Así que interponían su mediación para que se me perdonara y no permitiera la Majestad divina que los infernales espíritus hicieran presa en mi alma.


Oída esta acusación y defensa, el soberano Juez se dejó mover por la súplica de los santos. Sentenció que yo, absuelto de las penas eternas, fuera destinado a purgarme del resto de mis culpas en este terrible fuego. En él debo permanecer hasta que, quemada aquella infame pintura, deje de servir de incentivo de la concupiscencia.

 


―Les suplico a ustedes, por tanto ―continuó diciendo al religioso― háganme la caridad de decir a N. (y nombró al caballero por cuyo encargo la pintó) que arroje al fuego la pintura para que no sirva más de incentivo al amor impuro. Así lo quiere Dios y lo manda. En prueba de que esto no es ninguna ilusión, dos de sus hijos del caballero N. morirán dentro de poco. A ellos no tardaría en seguir él mismo si despreciara su aviso de ustedes.»



El caballero recibió dócilmente a la extraordinaria embajada. No tardó más en arrojar al fuego la pintura de lo que tardó en escuchar al religioso que le transmitía el mensaje. Los dos hijos murieron en el término de un mes. El padre se liberó de la muerte amenazada por la puntualidad con que llevó a efecto la disposición de Dios.
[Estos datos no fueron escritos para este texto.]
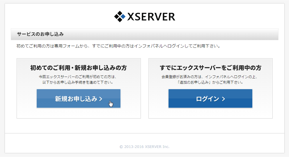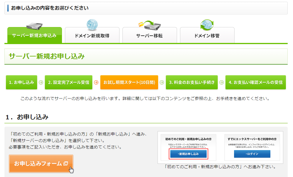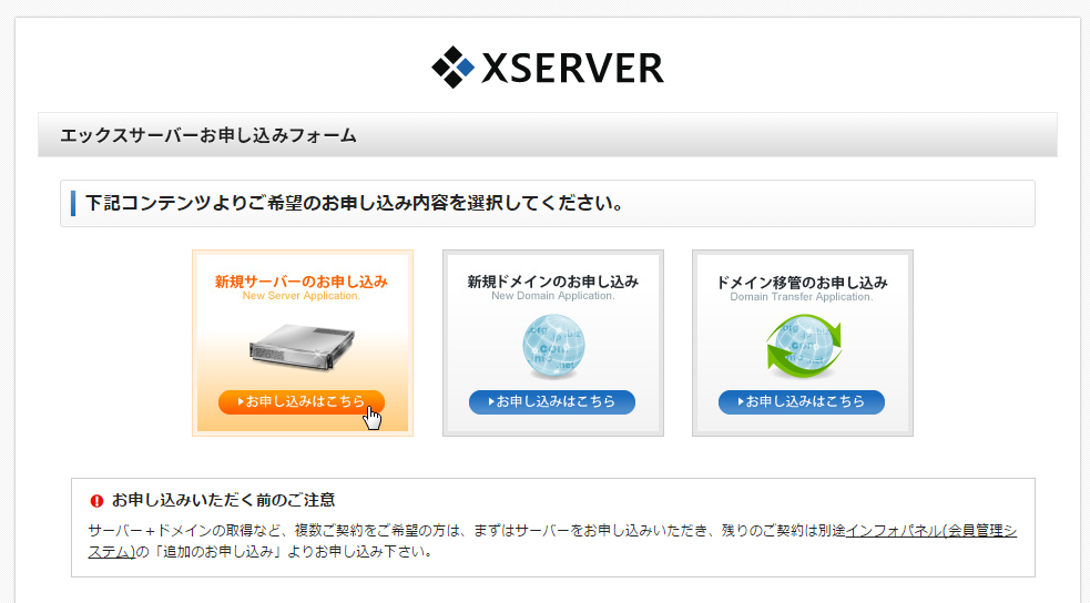 新規サーバーのお申し込み のところにある お申し込みはこちら をクリック
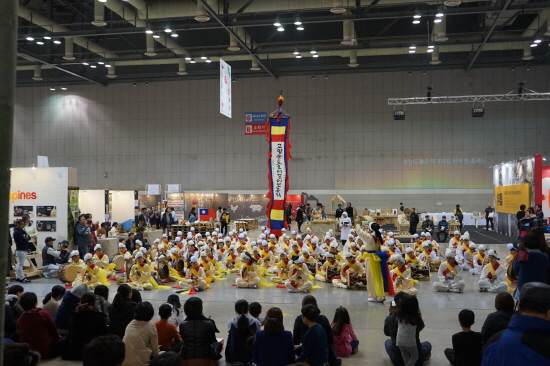 우리의 전통 공연은 출연자와 관객의 경계가 명확하지 않은 것이 특징. 무대와 객석이 섞일 수밖에 없는 킨텍스 전시장의 특성은 오히려 가와지볍씨 공연의 장점을 극대화할 수 있는 공간적 구성을 가능케 했다. 또한 슬로푸드페스티벌을 구경 온 관객들과 다양한 국적의 해외 참가자들에게 자연스럽게 우리의 전통 문화 공연을 접할 수 있는 기회도 제공했다. 객석의 가운데를 가로지르며 공연의 문을 연 길놀이를 시작으로 연주와 노래 등은 무대에서 펼쳐진 반면, 두렛소리 공연이나 십이지신 불한당놀이 등은 넓은 홀에서 마당놀이처럼 펼쳐졌다. 마치 놀이패들이 동구밖에서 들어와 마을의 안팎을 자유롭게 넘나들며 신명나는 놀이판을 벌이는 듯했다. 이러한 변화무쌍한 공간 활용으로 관객들 역시 수시로 시선과 동선을 바꿔가며 흥미롭게 공연에 몰입할 수 있었다.

No por esto quedó tranquilo. Reformó su vida. Y en desagravio de los males que había causado la deshonesta pintura, hizo pintar varios devotísimos asuntos sagrados. Esperaba que sus buenos efectos de estas nuevas pinturas pudieran contrapesar en el día de la cuenta (digámoslo así) en los que las miraran los depravados efectos que por su causa había dado la otra pintura. Y los santos, además, venerados en aquellas imágenes, le fueran abogados en el tribunal de Dios. Así se verificaría en él el texto del Evangelio:

 

"Utilicen el sucio dinero para hacerse amigos, para que cuando les llegue a faltar, los reciban a ustedes en las viviendas eternas." (Lucas 16,9).

 

Como justamente acaeció al bien arrepentido pintor, que voló al paraíso luego que el lienzo quedó reducido a cenizas.

 


cf. Carlos Rosignoli SJ, Maravillas de Dios con las almas del purgatorio, Editorial Difusión, Buenos Aires 1945, págs. 78-81.